[Entries taken from a collection]
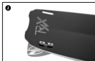
2 Place the fin into the hole of the board. Placer l'aileron dans le trou de la planche.

Faire correspondre les ailerons verts aux trous verts de la planche. Idem pour les rouges.
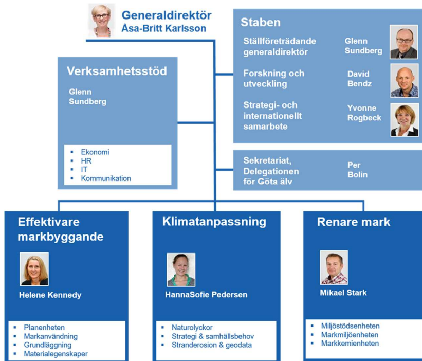
Figur 1. Organisationsschema SGI.
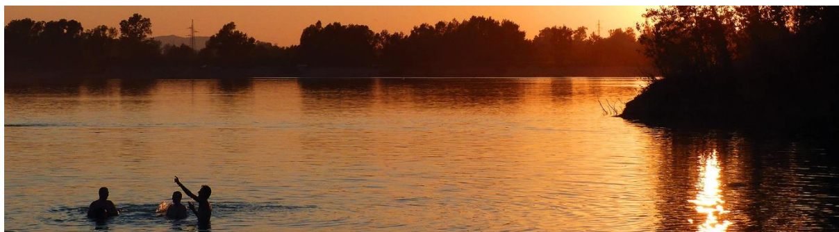
Slika 2. Jezero Zajarki u Zagrebu
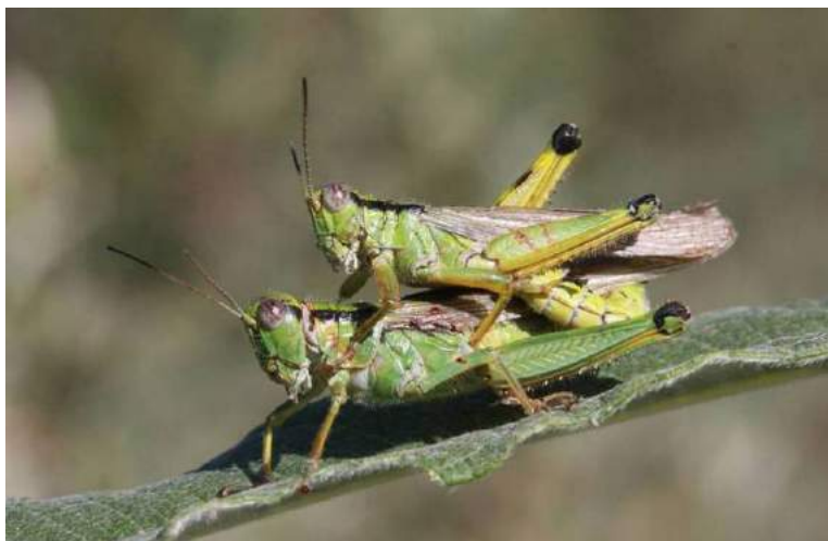
Ognevia longipennis (Shiraki) – Древесная кобылка; спаривание

яблони, винограда и шелковицы. Повреждает люцерну, хлопчатник, кукурузу, хлебные злаки, бахчевые и огородные культуры. Зимуют личинки и имаго.
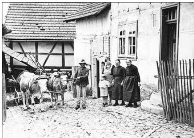
Auf dem Hof Lindenstraße 11, um 1925
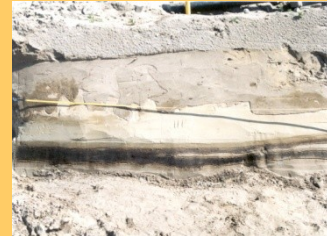
Ploegsporen, menselijke voetstappen en hoefsporen, steeksporen van een schep

De vroegste vondst dateert echter van 11.000 tot 4.500 voor de jaartelling, uit het mesolithicum, de tweede periode van het stenen tijdperk. Het is een vuurstenen werktuigje, een microliet gevonden op het kasteelterrein van Slot Assumburg. Waarschijnlijk is het gebruikt als pijlpunt. Het is de oudste en tevens kleinste archeologische vondst van deze omgeving. Meer vondsten uit deze periode zijn er echter niet.
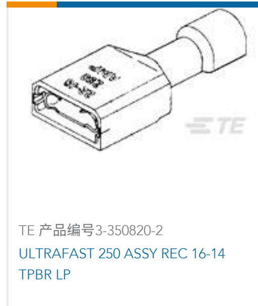
TE 产品编号3-350820-2 ULTRAFast 250 ASSY REC 16-14 TPBR LP
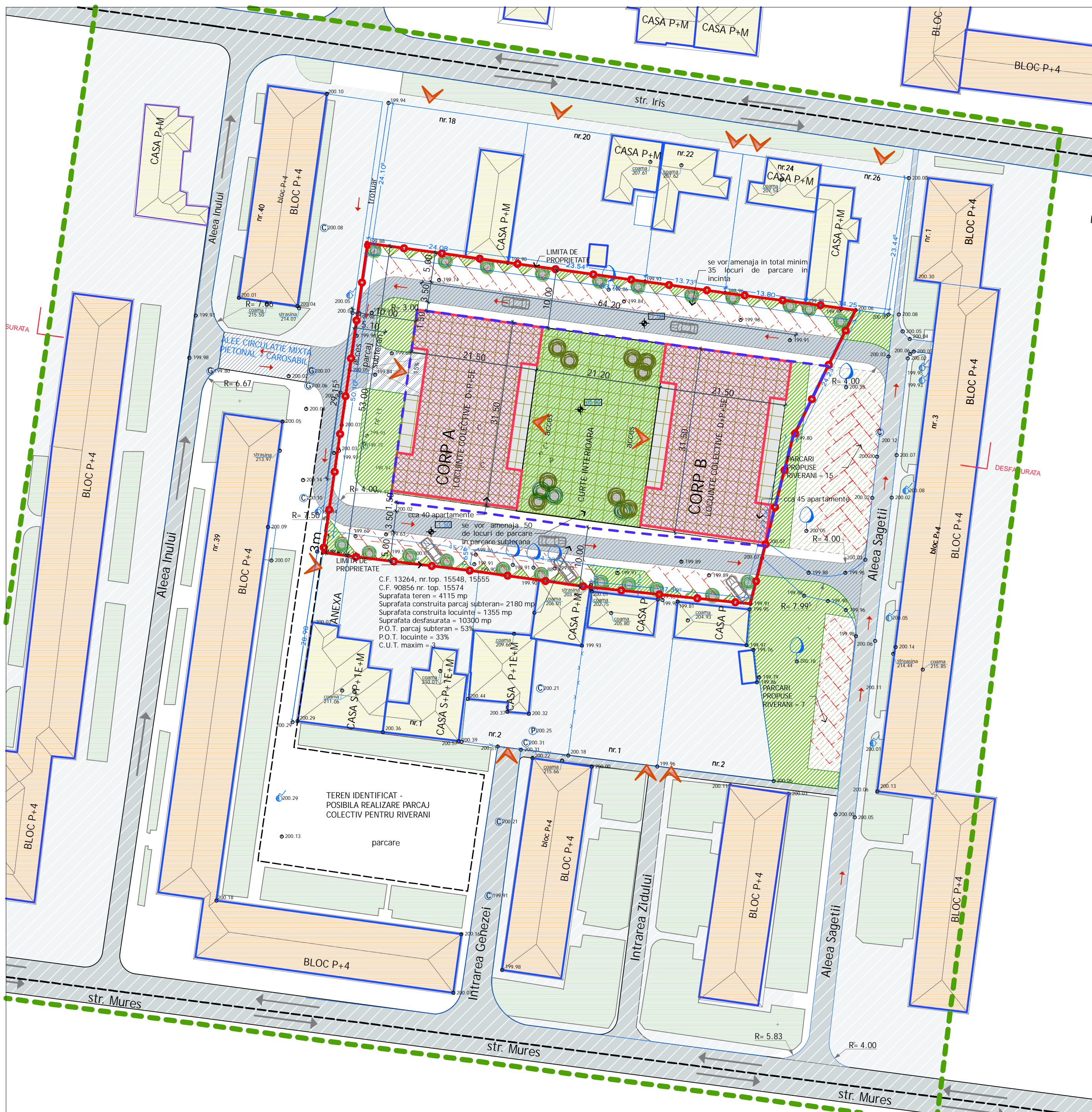
PLAN MOBILARE URBANA SC. 1:500
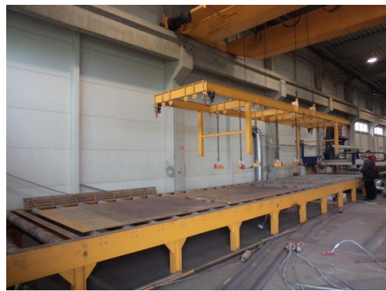
Inv.br. 19.4. - Uređaj za rezanje metala plazmom pneumatski podizni alat za limove
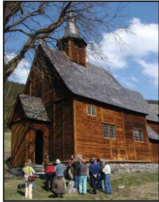
Lomen stavkirke

I oppfølging og gjennomføring vil fylkeskommunen blant annet forplikte seg til å støtte opp om arbeidet med:

WHAT YOU SHOULD DO
Print the records again exactly. Skip every picture.

EXERCISE OUTPUT
2 Place the fin into the hole of the board. Placer l'aileron dans le trou de la planche.

Faire correspondre les ailerons verts aux trous verts de la planche. Idem pour les rouges.
Figur 1. Organisationsschema SGI.
Slika 2. Jezero Zajarki u Zagrebu
Ognevia longipennis (Shiraki) – Древесная кобылка; спаривание

яблони, винограда и шелковицы. Повреждает люцерну, хлопчатник, кукурузу, хлебные злаки, бахчевые и огородные культуры. Зимуют личинки и имаго.
Auf dem Hof Lindenstraße 11, um 1925
Ploegsporen, menselijke voetstappen en hoefsporen, steeksporen van een schep

De vroegste vondst dateert echter van 11.000 tot 4.500 voor de jaartelling, uit het mesolithicum, de tweede periode van het stenen tijdperk. Het is een vuurstenen werktuigje, een microliet gevonden op het kasteelterrein van Slot Assumburg. Waarschijnlijk is het gebruikt als pijlpunt. Het is de oudste en tevens kleinste archeologische vondst van deze omgeving. Meer vondsten uit deze periode zijn er echter niet.
TE 产品编号3-350820-2 ULTRAFast 250 ASSY REC 16-14 TPBR LP
PLAN MOBILARE URBANA SC. 1:500
Inv.br. 19.4. - Uređaj za rezanje metala plazmom pneumatski podizni alat za limove
Lomen stavkirke

I oppfølging og gjennomføring vil fylkeskommunen blant annet forplikte seg til å støtte opp om arbeidet med:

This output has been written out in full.